De Vega annuloplasty versus ring annuloplasty for repair of functional tricuspid regurgitation

Authors

  • Khaled Alnawaiseh Department of Cardiac Surgery, Queen Alia Heart Institute, Jordanian Royal Medical Services, Jordan
  • Bashar Albkhoor Department of Cardiac Surgery, Queen Alia Heart Institute, Jordanian Royal Medical Services, Jordan
  • Yanal Alnaser Department of Cardiac Surgery, Queen Alia Heart Institute, Jordanian Royal Medical Services, Jordan
  • Hayel Aladwan Department of Cardiac Anaesthesia, Queen Alia Heart Institute, Jordanian Royal Medical Services, Jordan
  • Issa Ghanma Department of Cardiology, Queen Alia Heart Institute, Jordanian Royal Medical Services, Jordan

DOI:

https://doi.org/10.18203/2320-6012.ijrms20180279

Keywords:

Cardiac surgery, De Vega, incompetence, repair, ring, tricuspid valve, outcome

Abstract

Background: Tricuspid insufficiency (TI) is a functional insufficiency in most of the cases and associated with the dilatation of the annulus and remolding. Pulmonary hypertension and right ventricular volume overload due to chronic aortic or / and mitral valve disease in most of the time causes the functional tricuspid insufficiency. Despite the different techniques used to repair the tricuspid valve, the recurrent TR is still occurring in 20- 30 % of the patients and the development of late TR is an important complication of left heart surgery. Our study aims to compare the long-term outcome of ring annuloplasty with De Vega annnuloplasty in patients with secondary tricuspid regurgitation (TR).

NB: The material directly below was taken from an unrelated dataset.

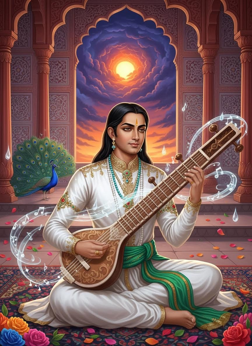 3. **साहस:** वे कठिन से कठिन परिस्थितियों में भी विचलित नहीं होते। जब पूरी सेना आग से घिरी हो, तब भी वे शांत रहकर अपना तानपुरा छेड़ सकते हैं।

Methods: A retrospective study of 320 patients who underwent tricuspid valve repair surgery for secondary tricuspid regurgitation from January 2002 to December 2010 at Queen Alia Heart Institute (QAHI). Patients were divided into two groups, in group (1) (n=180) patients had an annuloplasty ring. Group (2) (n=140) patients had De Vega procedure (no ring). The procedures were performed in association with mitral valve surgery in 78% of patients, aortic valve surgery in 15% and combined aortic and mitral valve surgery in 7% of patients. TR grade, NYHA functional class and Pulmonary artery pressure were nearly similar and no significant preoperative difference between the two groups.

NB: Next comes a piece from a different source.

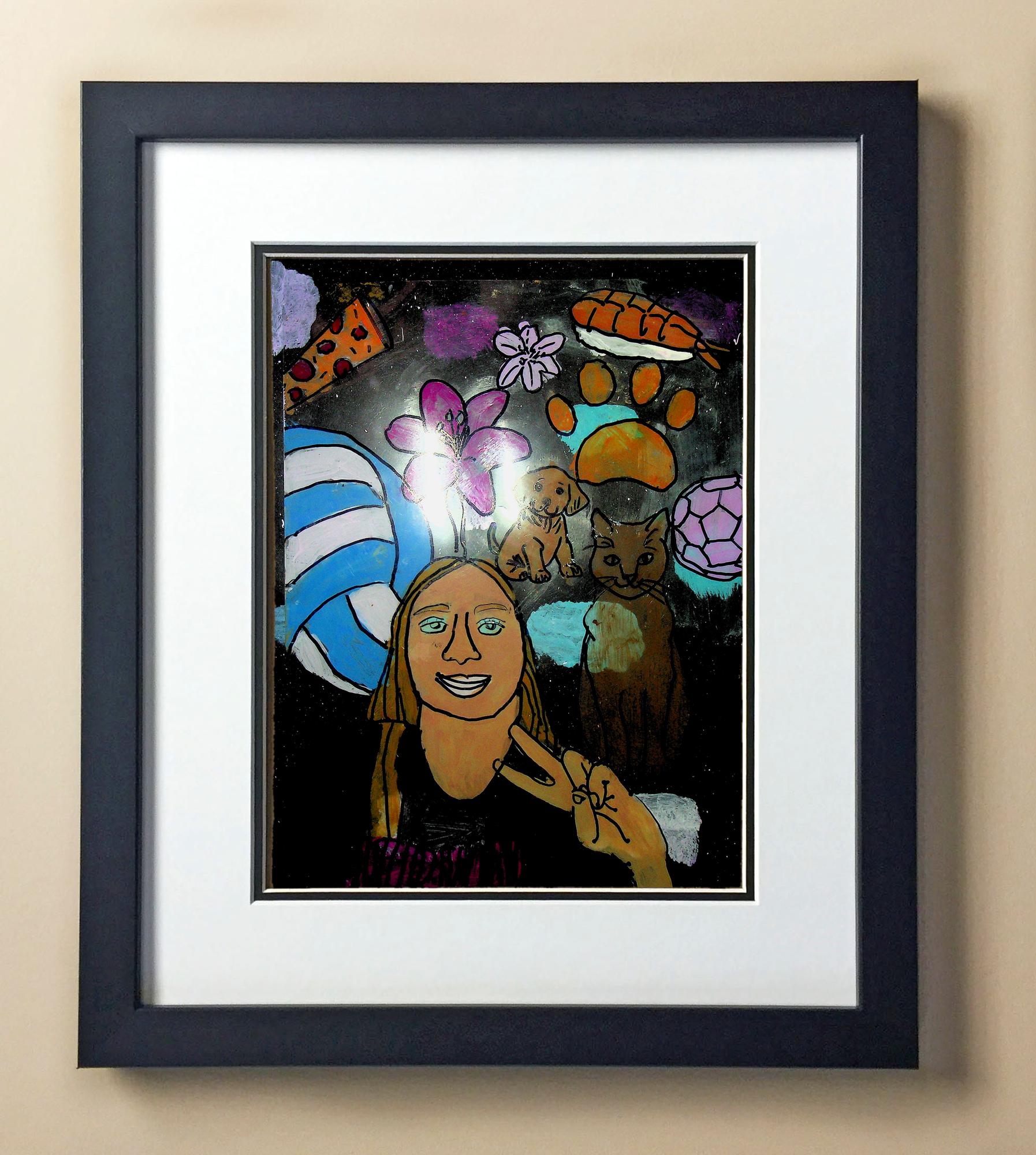 Included with the purchase is the Students Artwork, Frame, double matboard, shatter proof plexiglass, and a ready to hang backerboard with turnbuttons

Results: Echocardiographic and clinical follow up were done for all patients. The duration of procedure for both De Vega and ring annuloplasty were nearly similar. The overall survival in ring group at 5year was 83.9% versus 77.9% in De Vega group. Freedom from residual and recurrent TR, event free survival and long-term survival were significantly better in the ring group and also the tricuspid valve reoperation were less in the ring group.

Conclusions: The implantation of annuloplasty ring results in lower incidence of residual or recurrent of tricuspid regurgitation, improved the event-free survival and long-term survival when compared with the sewing techniques such as De Vega.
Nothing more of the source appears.